#### [Assignment]
All of the records that follow need to be copied word for word, without the pictures.

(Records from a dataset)
-- -- --
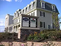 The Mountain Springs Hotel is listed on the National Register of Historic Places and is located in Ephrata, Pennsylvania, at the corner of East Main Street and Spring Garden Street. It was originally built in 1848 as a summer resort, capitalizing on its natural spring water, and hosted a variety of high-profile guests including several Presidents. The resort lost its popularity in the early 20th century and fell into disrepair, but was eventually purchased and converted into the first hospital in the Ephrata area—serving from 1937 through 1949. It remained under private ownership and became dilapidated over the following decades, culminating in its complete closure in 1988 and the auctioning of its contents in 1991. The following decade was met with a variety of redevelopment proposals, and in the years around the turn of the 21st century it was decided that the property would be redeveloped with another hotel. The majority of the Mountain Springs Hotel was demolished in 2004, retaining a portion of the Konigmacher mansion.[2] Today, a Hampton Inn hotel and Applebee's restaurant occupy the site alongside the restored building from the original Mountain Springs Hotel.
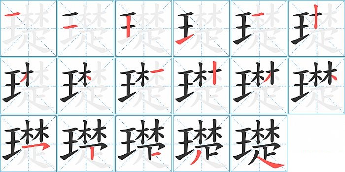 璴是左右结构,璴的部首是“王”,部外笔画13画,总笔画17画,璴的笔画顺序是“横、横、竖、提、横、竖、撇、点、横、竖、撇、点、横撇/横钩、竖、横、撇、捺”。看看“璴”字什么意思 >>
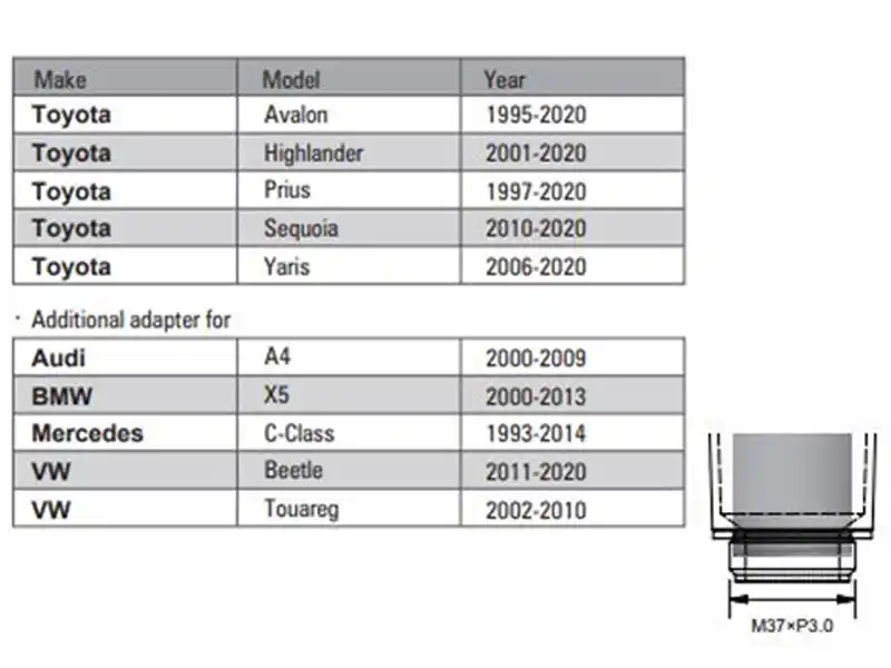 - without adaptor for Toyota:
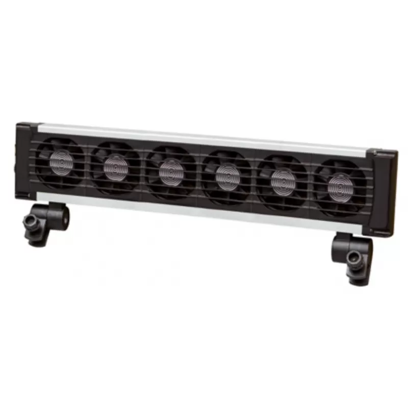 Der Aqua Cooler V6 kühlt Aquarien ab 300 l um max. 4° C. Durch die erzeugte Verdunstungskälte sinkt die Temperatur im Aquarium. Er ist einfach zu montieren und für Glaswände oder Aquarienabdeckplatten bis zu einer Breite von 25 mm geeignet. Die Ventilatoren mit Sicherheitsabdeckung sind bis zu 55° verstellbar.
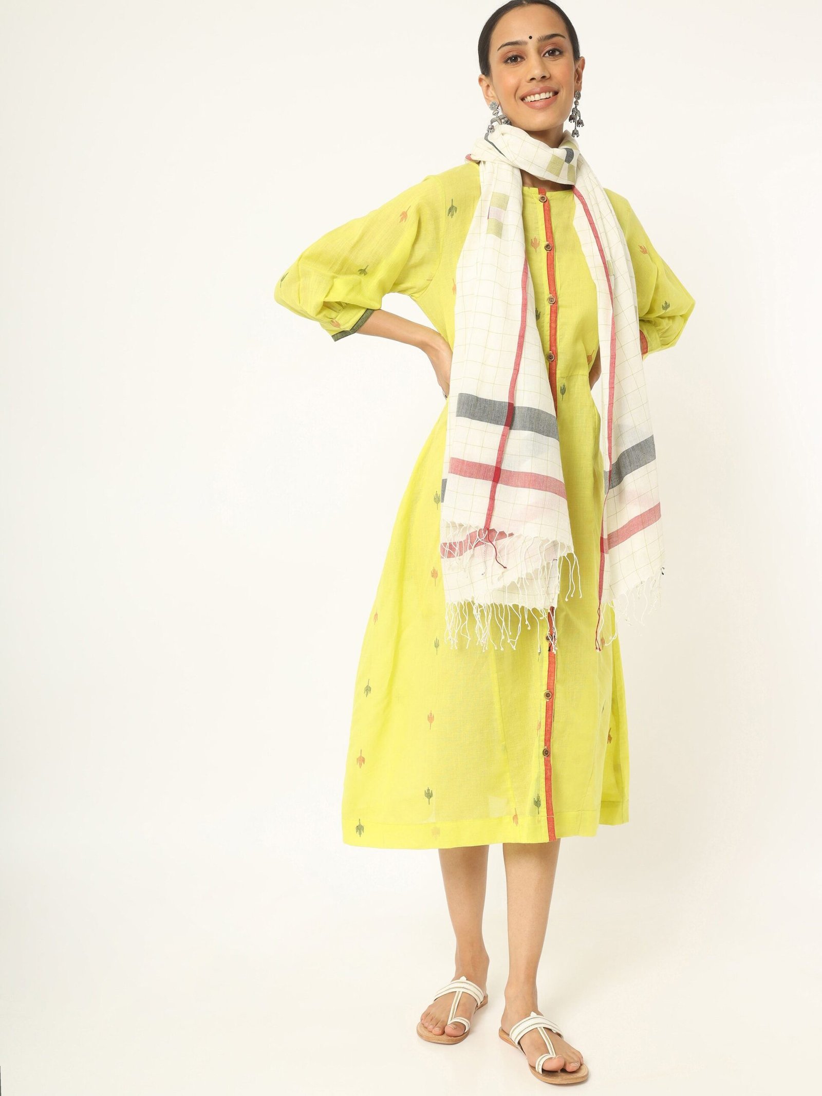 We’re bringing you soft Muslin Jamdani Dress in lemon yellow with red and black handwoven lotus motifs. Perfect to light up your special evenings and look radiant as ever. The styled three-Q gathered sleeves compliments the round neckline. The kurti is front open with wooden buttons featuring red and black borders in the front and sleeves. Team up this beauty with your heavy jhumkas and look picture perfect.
-- -- --
#### [Answer section]
 The Mountain Springs Hotel is listed on the National Register of Historic Places and is located in Ephrata, Pennsylvania, at the corner of East Main Street and Spring Garden Street. It was originally built in 1848 as a summer resort, capitalizing on its natural spring water, and hosted a variety of high-profile guests including several Presidents. The resort lost its popularity in the early 20th century and fell into disrepair, but was eventually purchased and converted into the first hospital in the Ephrata area—serving from 1937 through 1949. It remained under private ownership and became dilapidated over the following decades, culminating in its complete closure in 1988 and the auctioning of its contents in 1991. The following decade was met with a variety of redevelopment proposals, and in the years around the turn of the 21st century it was decided that the property would be redeveloped with another hotel. The majority of the Mountain Springs Hotel was demolished in 2004, retaining a portion of the Konigmacher mansion.[2] Today, a Hampton Inn hotel and Applebee's restaurant occupy the site alongside the restored building from the original Mountain Springs Hotel.
 璴是左右结构,璴的部首是“王”,部外笔画13画,总笔画17画,璴的笔画顺序是“横、横、竖、提、横、竖、撇、点、横、竖、撇、点、横撇/横钩、竖、横、撇、捺”。看看“璴”字什么意思 >>
 - without adaptor for Toyota:
 Der Aqua Cooler V6 kühlt Aquarien ab 300 l um max. 4° C. Durch die erzeugte Verdunstungskälte sinkt die Temperatur im Aquarium. Er ist einfach zu montieren und für Glaswände oder Aquarienabdeckplatten bis zu einer Breite von 25 mm geeignet. Die Ventilatoren mit Sicherheitsabdeckung sind bis zu 55° verstellbar.
 We’re bringing you soft Muslin Jamdani Dress in lemon yellow with red and black handwoven lotus motifs. Perfect to light up your special evenings and look radiant as ever. The styled three-Q gathered sleeves compliments the round neckline. The kurti is front open with wooden buttons featuring red and black borders in the front and sleeves. Team up this beauty with your heavy jhumkas and look picture perfect.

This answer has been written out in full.